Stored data
▼

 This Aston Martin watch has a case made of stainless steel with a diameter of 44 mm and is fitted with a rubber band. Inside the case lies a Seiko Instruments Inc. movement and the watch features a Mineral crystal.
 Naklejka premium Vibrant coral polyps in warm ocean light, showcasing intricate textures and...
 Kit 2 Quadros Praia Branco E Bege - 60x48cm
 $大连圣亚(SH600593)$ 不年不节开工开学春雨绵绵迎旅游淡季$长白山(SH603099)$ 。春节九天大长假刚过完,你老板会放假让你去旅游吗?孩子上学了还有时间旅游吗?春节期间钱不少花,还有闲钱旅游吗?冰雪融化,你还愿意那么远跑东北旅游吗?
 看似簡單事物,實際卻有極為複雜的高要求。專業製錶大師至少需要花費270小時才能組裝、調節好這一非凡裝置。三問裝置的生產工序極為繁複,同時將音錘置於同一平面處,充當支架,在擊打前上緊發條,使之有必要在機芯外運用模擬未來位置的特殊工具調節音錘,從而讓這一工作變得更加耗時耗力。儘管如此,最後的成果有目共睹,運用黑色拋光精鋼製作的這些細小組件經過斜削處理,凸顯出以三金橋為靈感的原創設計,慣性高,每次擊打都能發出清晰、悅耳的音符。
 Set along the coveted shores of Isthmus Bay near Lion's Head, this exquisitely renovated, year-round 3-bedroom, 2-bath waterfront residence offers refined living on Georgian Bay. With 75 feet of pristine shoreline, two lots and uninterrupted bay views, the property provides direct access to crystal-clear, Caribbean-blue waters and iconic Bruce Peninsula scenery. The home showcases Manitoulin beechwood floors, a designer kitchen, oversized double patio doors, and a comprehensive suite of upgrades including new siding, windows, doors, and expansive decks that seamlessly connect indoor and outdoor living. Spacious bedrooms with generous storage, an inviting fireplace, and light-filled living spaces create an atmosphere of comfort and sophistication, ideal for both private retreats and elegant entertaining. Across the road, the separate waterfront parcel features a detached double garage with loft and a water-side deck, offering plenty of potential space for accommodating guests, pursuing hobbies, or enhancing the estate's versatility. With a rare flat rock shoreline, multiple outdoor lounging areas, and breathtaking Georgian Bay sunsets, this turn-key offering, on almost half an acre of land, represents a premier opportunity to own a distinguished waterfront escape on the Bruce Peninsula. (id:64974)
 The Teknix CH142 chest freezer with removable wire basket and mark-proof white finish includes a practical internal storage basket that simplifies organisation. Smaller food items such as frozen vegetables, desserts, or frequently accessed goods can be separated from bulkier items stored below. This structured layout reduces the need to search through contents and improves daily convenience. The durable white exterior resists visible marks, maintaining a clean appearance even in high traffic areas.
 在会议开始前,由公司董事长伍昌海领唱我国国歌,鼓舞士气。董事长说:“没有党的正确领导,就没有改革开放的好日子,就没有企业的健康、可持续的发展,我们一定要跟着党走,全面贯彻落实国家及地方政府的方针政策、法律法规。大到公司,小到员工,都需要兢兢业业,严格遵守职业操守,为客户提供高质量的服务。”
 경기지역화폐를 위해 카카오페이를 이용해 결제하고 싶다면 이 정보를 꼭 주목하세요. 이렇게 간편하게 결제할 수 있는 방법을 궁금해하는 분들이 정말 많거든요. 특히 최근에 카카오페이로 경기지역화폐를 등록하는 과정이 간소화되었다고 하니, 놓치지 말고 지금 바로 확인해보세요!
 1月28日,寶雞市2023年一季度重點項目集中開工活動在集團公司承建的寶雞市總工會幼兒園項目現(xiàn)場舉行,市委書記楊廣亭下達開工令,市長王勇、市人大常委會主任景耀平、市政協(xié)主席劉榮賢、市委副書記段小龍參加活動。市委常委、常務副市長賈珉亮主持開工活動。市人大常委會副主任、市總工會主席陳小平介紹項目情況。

▲

Task item:
The records above are to be duplicated in full and exactly.

Written response:
 This Aston Martin watch has a case made of stainless steel with a diameter of 44 mm and is fitted with a rubber band. Inside the case lies a Seiko Instruments Inc. movement and the watch features a Mineral crystal.
 Naklejka premium Vibrant coral polyps in warm ocean light, showcasing intricate textures and...
 Kit 2 Quadros Praia Branco E Bege - 60x48cm
 $大连圣亚(SH600593)$ 不年不节开工开学春雨绵绵迎旅游淡季$长白山(SH603099)$ 。春节九天大长假刚过完,你老板会放假让你去旅游吗?孩子上学了还有时间旅游吗?春节期间钱不少花,还有闲钱旅游吗?冰雪融化,你还愿意那么远跑东北旅游吗?
 看似簡單事物,實際卻有極為複雜的高要求。專業製錶大師至少需要花費270小時才能組裝、調節好這一非凡裝置。三問裝置的生產工序極為繁複,同時將音錘置於同一平面處,充當支架,在擊打前上緊發條,使之有必要在機芯外運用模擬未來位置的特殊工具調節音錘,從而讓這一工作變得更加耗時耗力。儘管如此,最後的成果有目共睹,運用黑色拋光精鋼製作的這些細小組件經過斜削處理,凸顯出以三金橋為靈感的原創設計,慣性高,每次擊打都能發出清晰、悅耳的音符。
 Set along the coveted shores of Isthmus Bay near Lion's Head, this exquisitely renovated, year-round 3-bedroom, 2-bath waterfront residence offers refined living on Georgian Bay. With 75 feet of pristine shoreline, two lots and uninterrupted bay views, the property provides direct access to crystal-clear, Caribbean-blue waters and iconic Bruce Peninsula scenery. The home showcases Manitoulin beechwood floors, a designer kitchen, oversized double patio doors, and a comprehensive suite of upgrades including new siding, windows, doors, and expansive decks that seamlessly connect indoor and outdoor living. Spacious bedrooms with generous storage, an inviting fireplace, and light-filled living spaces create an atmosphere of comfort and sophistication, ideal for both private retreats and elegant entertaining. Across the road, the separate waterfront parcel features a detached double garage with loft and a water-side deck, offering plenty of potential space for accommodating guests, pursuing hobbies, or enhancing the estate's versatility. With a rare flat rock shoreline, multiple outdoor lounging areas, and breathtaking Georgian Bay sunsets, this turn-key offering, on almost half an acre of land, represents a premier opportunity to own a distinguished waterfront escape on the Bruce Peninsula. (id:64974)
 The Teknix CH142 chest freezer with removable wire basket and mark-proof white finish includes a practical internal storage basket that simplifies organisation. Smaller food items such as frozen vegetables, desserts, or frequently accessed goods can be separated from bulkier items stored below. This structured layout reduces the need to search through contents and improves daily convenience. The durable white exterior resists visible marks, maintaining a clean appearance even in high traffic areas.
 在会议开始前,由公司董事长伍昌海领唱我国国歌,鼓舞士气。董事长说:“没有党的正确领导,就没有改革开放的好日子,就没有企业的健康、可持续的发展,我们一定要跟着党走,全面贯彻落实国家及地方政府的方针政策、法律法规。大到公司,小到员工,都需要兢兢业业,严格遵守职业操守,为客户提供高质量的服务。”
 경기지역화폐를 위해 카카오페이를 이용해 결제하고 싶다면 이 정보를 꼭 주목하세요. 이렇게 간편하게 결제할 수 있는 방법을 궁금해하는 분들이 정말 많거든요. 특히 최근에 카카오페이로 경기지역화폐를 등록하는 과정이 간소화되었다고 하니, 놓치지 말고 지금 바로 확인해보세요!
 1月28日,寶雞市2023年一季度重點項目集中開工活動在集團公司承建的寶雞市總工會幼兒園項目現(xiàn)場舉行,市委書記楊廣亭下達開工令,市長王勇、市人大常委會主任景耀平、市政協(xié)主席劉榮賢、市委副書記段小龍參加活動。市委常委、常務副市長賈珉亮主持開工活動。市人大常委會副主任、市總工會主席陳小平介紹項目情況。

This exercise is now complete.